- **Your objective**
Please return only the lines between the line with "for delivery purposes." and the final line of the entries, both included, and exclude pictures.

- **Extracted records**
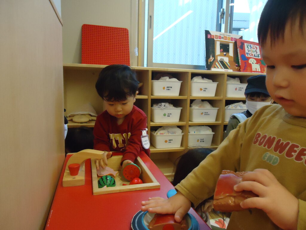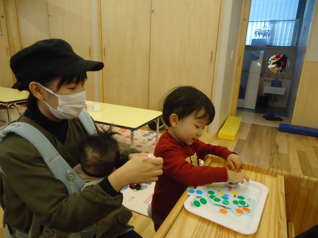 ブロックあそびをするなど、園にあるおもちゃで楽しんでもらいました。
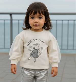 Bluza cu mânecă lungă și tulle din colecția Little Ballerina este o alegere elegantă pentru fetițele cu vârste între 6 luni și 3 ani, aducând un strop de rafinament garderobei de zi cu zi. Confectionată dintr-un material de calitate, cu 95% bumbac și 5% elastan, bluza oferă confort și o flexibilitate plăcută pentru pielea sensibilă a celor mici.
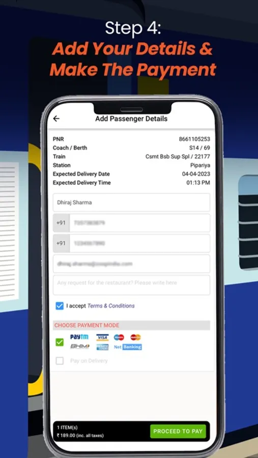 • Confirm Passenger Details: Enter passenger name and contact details for delivery purposes.
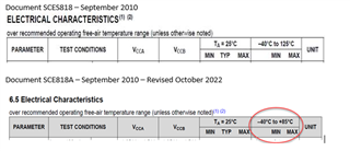 Per our email, while the PCN referred to is for thermal, please note that the datasheet's electrical characteristics temp range will be updated and it is recommended to use the temperature under the datasheet’s operating free-air temp, thanks.
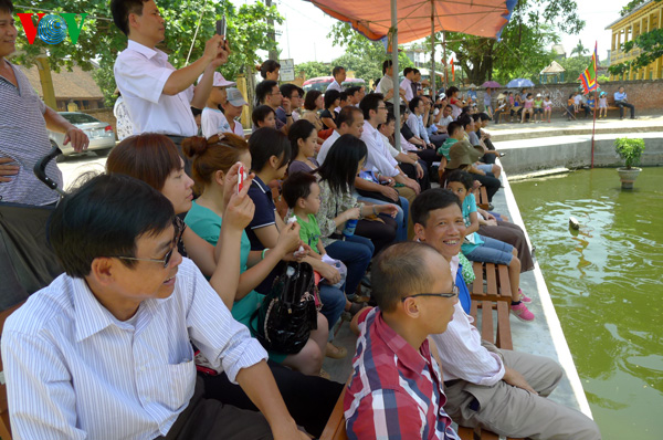 ភ្ញៀវទេសចរណ៍សាកល្បងបញ្ជាតុក្តាក្នុងបណ្ឌលកាំងពិព័ណ៍របាំតុក្តាទឹក នៅឃុំ Hong Phong។

- **Answer**
 • Confirm Passenger Details: Enter passenger name and contact details for delivery purposes.
 Per our email, while the PCN referred to is for thermal, please note that the datasheet's electrical characteristics temp range will be updated and it is recommended to use the temperature under the datasheet’s operating free-air temp, thanks.
 ភ្ញៀវទេសចរណ៍សាកល្បងបញ្ជាតុក្តាក្នុងបណ្ឌលកាំងពិព័ណ៍របាំតុក្តាទឹក នៅឃុំ Hong Phong។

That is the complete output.